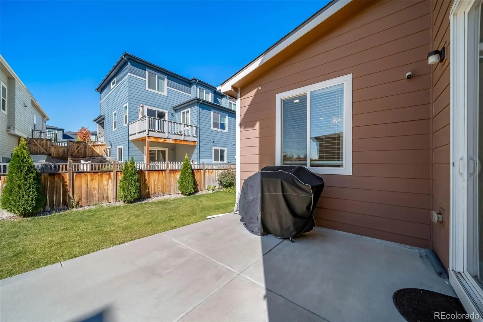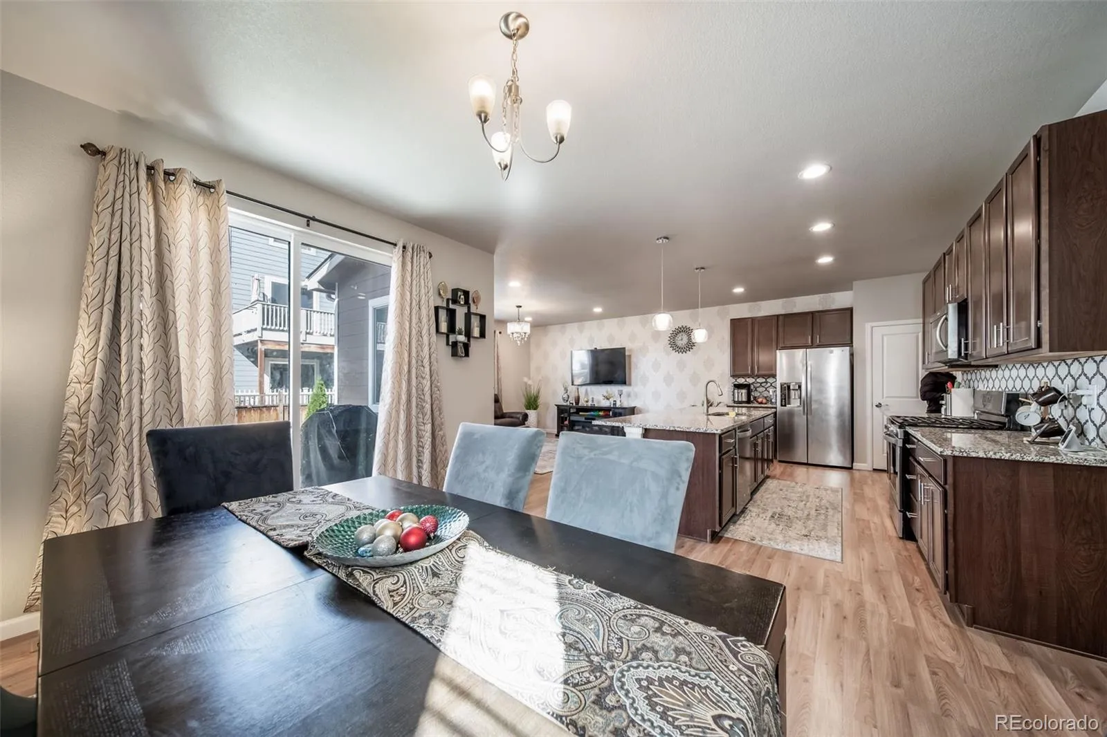The main floor boasts a bright and spacious living area that flows seamlessly into a stylish kitchen with rich cabinetry, granite countertops, stainless steel appliances, and a large island ideal for gathering. The dining area opens to the fenced backyard, creating the perfect indoor-outdoor connection for family meals or weekend barbecues.
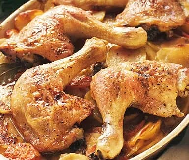 Vin- och äppelbräserad kyckling
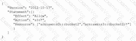 An AWS account includes two S3 buckets: bucket1 and bucket2. The bucket2 does not have a policy defined, but bucket1 has the following bucket policy:
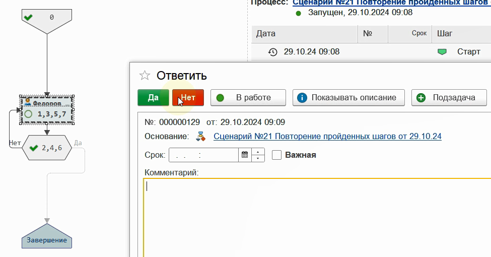 Если мы ответим "Нет". Процесс вернется на шаг задачи, создав новую для повторного выполнения.
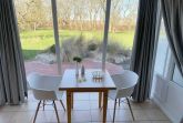 Helle, strandnahe Ferienwohnung in St. Peter-Ording im Erdgeschoß mit Terrasse mit Blick in den Obstgarten für 2 Personen.
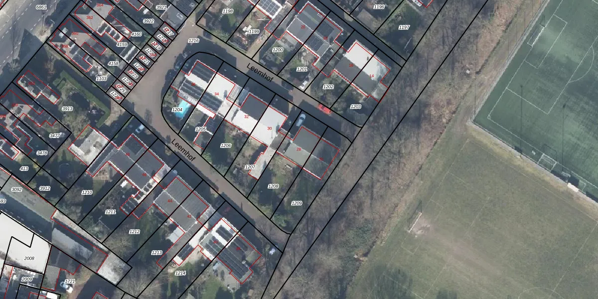 Het perceel waarop Leemhof 28 staat heeft een oppervlakte van 370 m². Dit is een groot perceel. De perceeloppervlakte wordt geregistreerd door het Kadaster. Gedetailleerde informatie over de maten van dit perceel kunt u vinden in het rapport Kadastrale kaart met maatvoering van Leemhof 28.
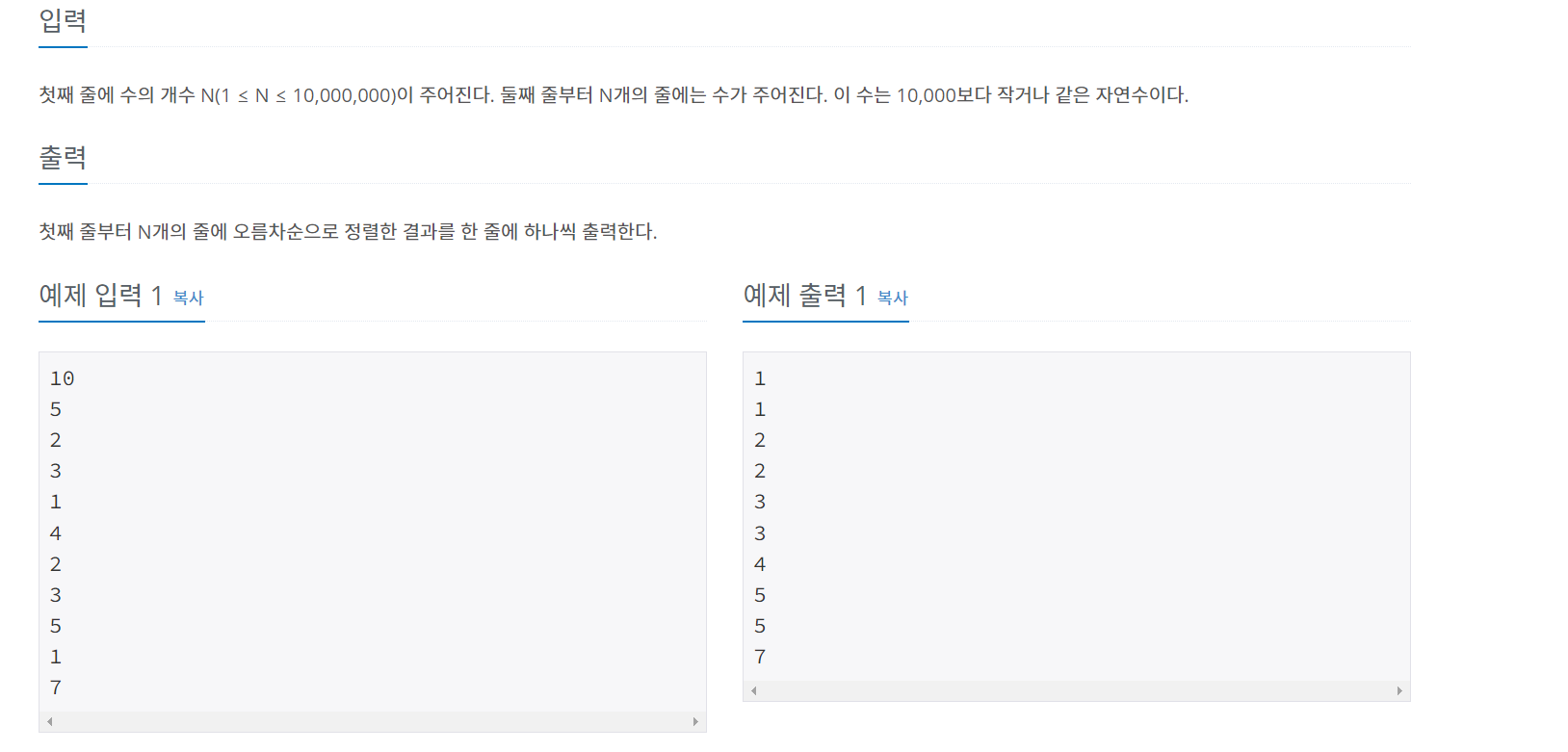 첫째 줄에 수의 개수 N(1 ≤ N ≤ 10,000,000)이 주어진다. 둘째 줄부터 N개의 줄에는 수가 주어진다. 이 수는 10,000보다 작거나 같은 자연수이다.
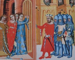 Keywords: Bretislav Jitka.jpg cs Břetislav se setkává s Jitkou http //www veda cz/dwn/5430/12877B_dalimil jpg Dalimilova kronika anonymous century 14 PD-Art Chronik Dalimil Bretislaus I of Bohemia in miniature Judith of Schweinfurt
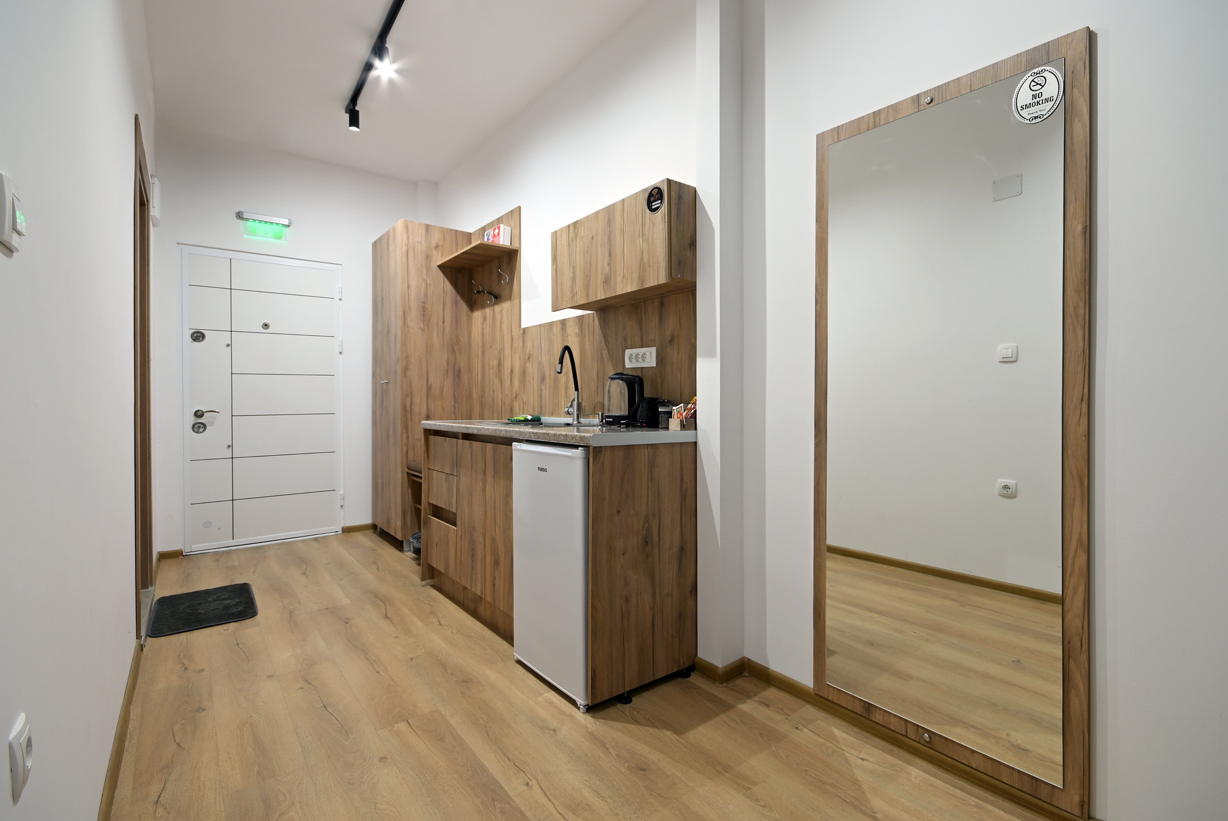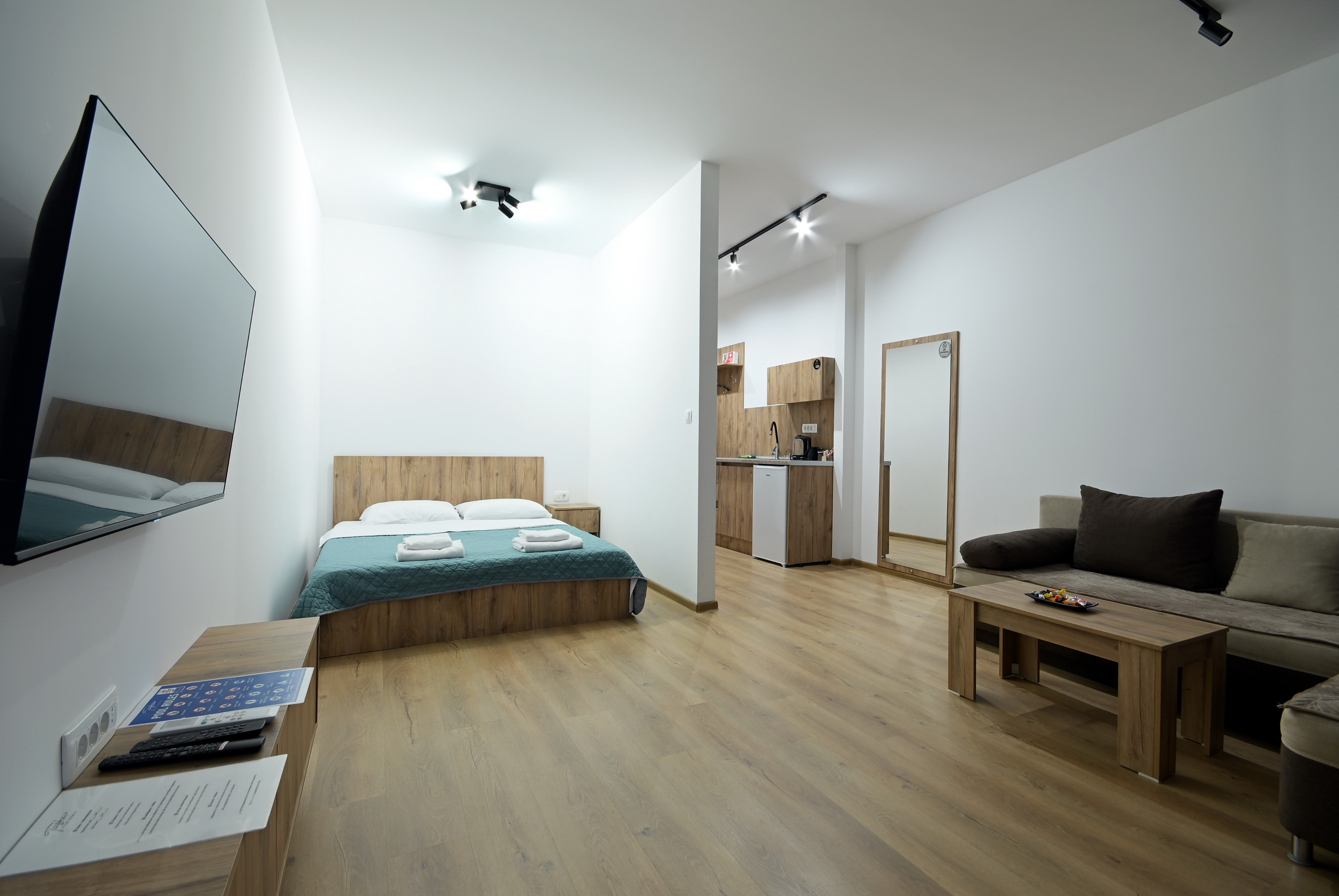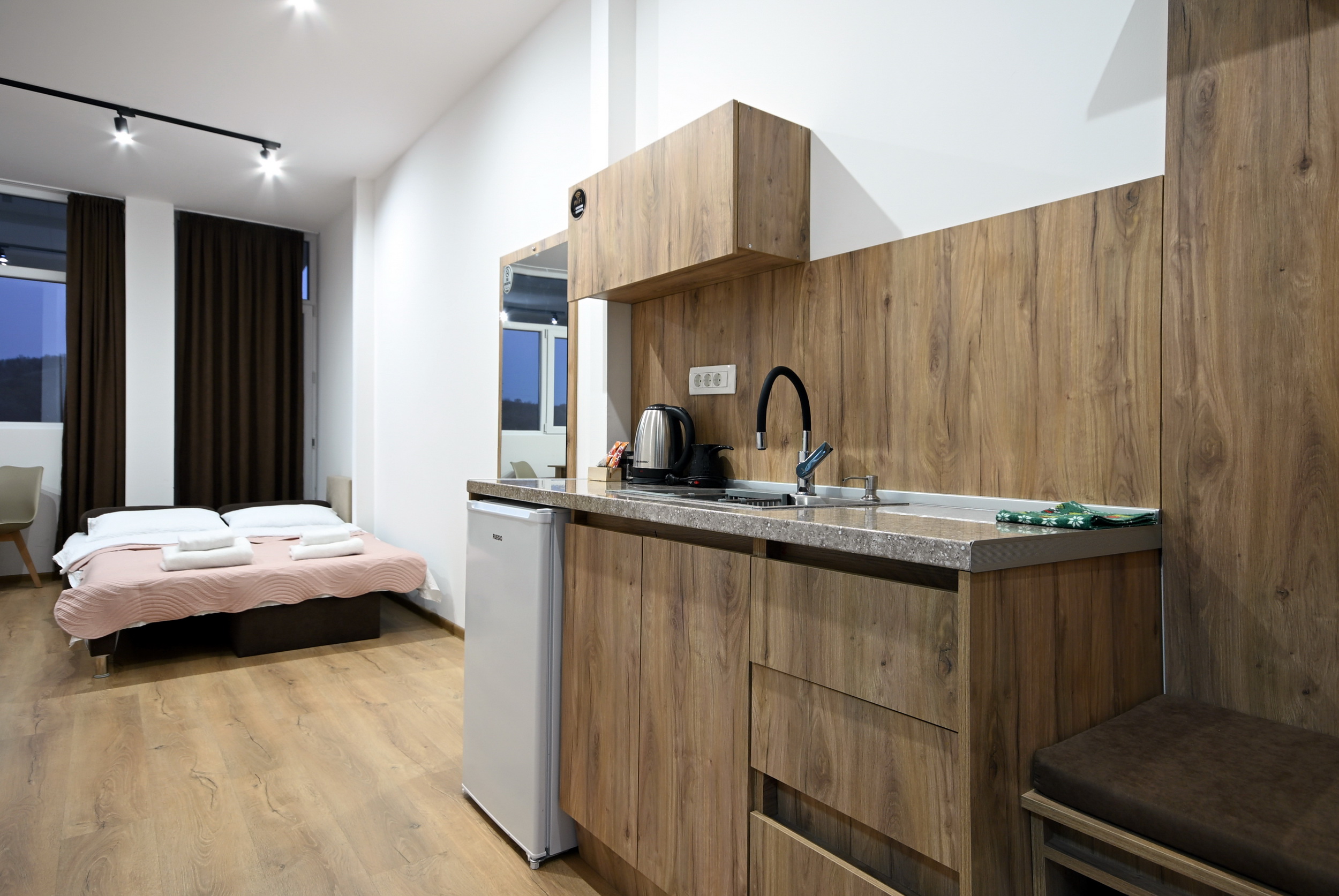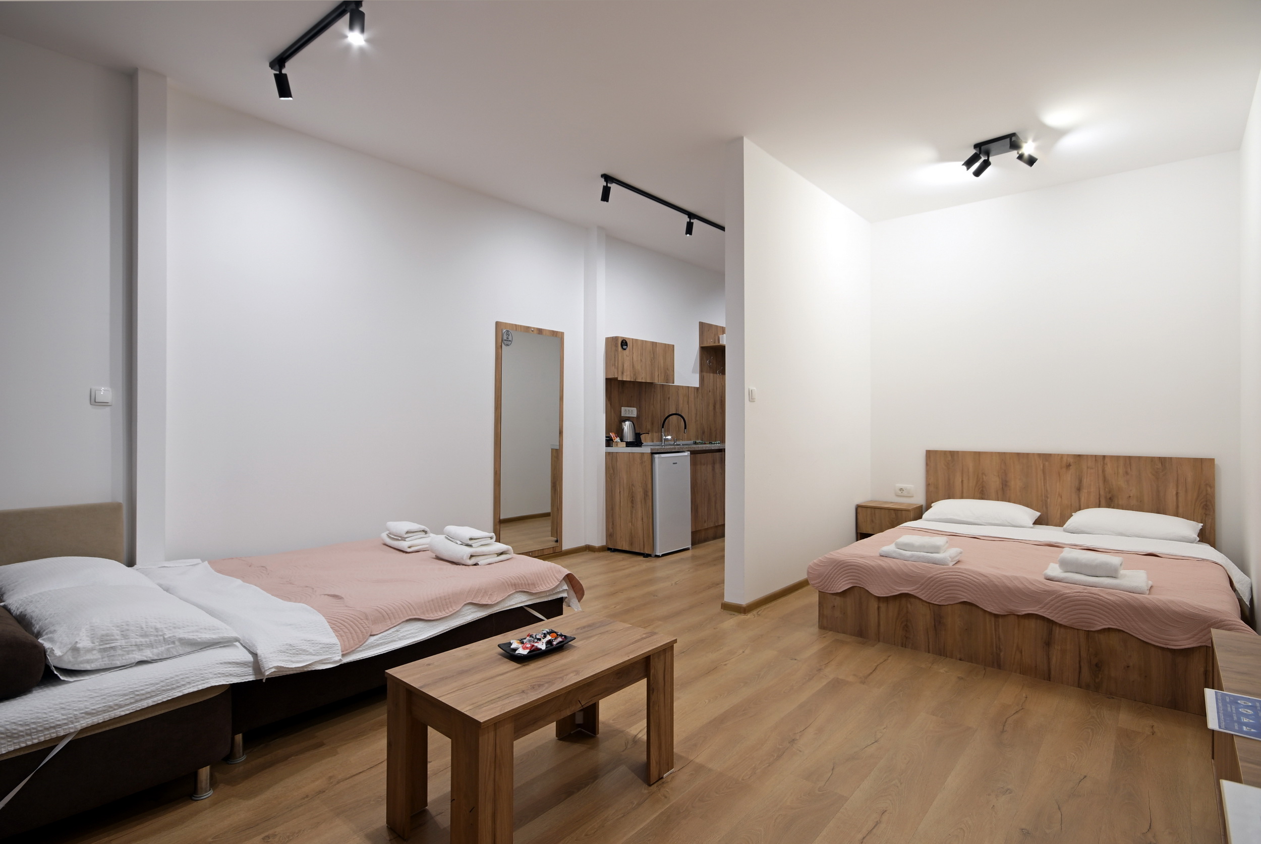 This comfortable Family Studio accommodates up to 4 guests and features one double bed and one sofa bed, making it ideal for couples, families, or small groups. Guests can enjoy a private terrace with breathtaking lake and mountain views — the perfect place to relax with a morning coffee or unwind while watching the sunset. The studio includes a private bathroom, a fully equipped kitchenette, air conditioning, free Wi-Fi, and a flat-screen LED TV. Fresh bed linen and towels are provided for your comfort. Perfect for guests seeking relaxation, nature, and unforgettable views.
- - -
* Work item
With images omitted, output the data exactly as given.

* Finished exercise
The main floor boasts a bright and spacious living area that flows seamlessly into a stylish kitchen with rich cabinetry, granite countertops, stainless steel appliances, and a large island ideal for gathering. The dining area opens to the fenced backyard, creating the perfect indoor-outdoor connection for family meals or weekend barbecues.
 Vin- och äppelbräserad kyckling
 An AWS account includes two S3 buckets: bucket1 and bucket2. The bucket2 does not have a policy defined, but bucket1 has the following bucket policy:
 Если мы ответим "Нет". Процесс вернется на шаг задачи, создав новую для повторного выполнения.
 Helle, strandnahe Ferienwohnung in St. Peter-Ording im Erdgeschoß mit Terrasse mit Blick in den Obstgarten für 2 Personen.
 Het perceel waarop Leemhof 28 staat heeft een oppervlakte van 370 m². Dit is een groot perceel. De perceeloppervlakte wordt geregistreerd door het Kadaster. Gedetailleerde informatie over de maten van dit perceel kunt u vinden in het rapport Kadastrale kaart met maatvoering van Leemhof 28.
 첫째 줄에 수의 개수 N(1 ≤ N ≤ 10,000,000)이 주어진다. 둘째 줄부터 N개의 줄에는 수가 주어진다. 이 수는 10,000보다 작거나 같은 자연수이다.
 Keywords: Bretislav Jitka.jpg cs Břetislav se setkává s Jitkou http //www veda cz/dwn/5430/12877B_dalimil jpg Dalimilova kronika anonymous century 14 PD-Art Chronik Dalimil Bretislaus I of Bohemia in miniature Judith of Schweinfurt
 This comfortable Family Studio accommodates up to 4 guests and features one double bed and one sofa bed, making it ideal for couples, families, or small groups. Guests can enjoy a private terrace with breathtaking lake and mountain views — the perfect place to relax with a morning coffee or unwind while watching the sunset. The studio includes a private bathroom, a fully equipped kitchenette, air conditioning, free Wi-Fi, and a flat-screen LED TV. Fresh bed linen and towels are provided for your comfort. Perfect for guests seeking relaxation, nature, and unforgettable views.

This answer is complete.